My question is not about the model type but instead, the spark capability on reusing any already trained ml model in training a new model. 




On Tue, Aug 22, 2017 at 1:13 PM, Jörn Franke <jornfranke@gmail.com> wrote:
Is it really required to have one billion samples for just linear regression? Probably your model would do equally well with much less samples. Have you checked bias and variance if you use much less random samples?

On 22. Aug 2017, at 12:58, Sea aj <saj3saj@gmail.com> wrote:

I have a large dataframe of 1 billion rows of type LabeledPoint. I tried to train a linear regression model on the df but it failed due to lack of memory although I'm using 9 slaves, each with 100gb of ram and 16 cores of CPU.

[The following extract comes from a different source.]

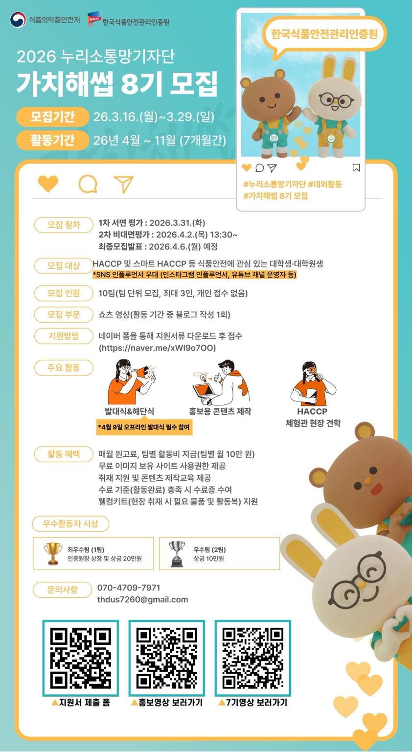 2026 누리소통망기자단 가치해썹 8기 모집 HACCP~

I decided to split my data into multiple chunks and train the model in multiple phases but I learned the linear regression model in ml library does not have "setinitialmodel" function to be able to pass the trained model from one chunk to the rest of chunks. In another word, each time I call the fit function over a chunk of my data, it overwrites the previous mode.

So far the only solution I found is using Spark Streaming to be able to split the data to multiple dfs and then train over each individually to overcome memory issue.

Do you know if there's any other solution?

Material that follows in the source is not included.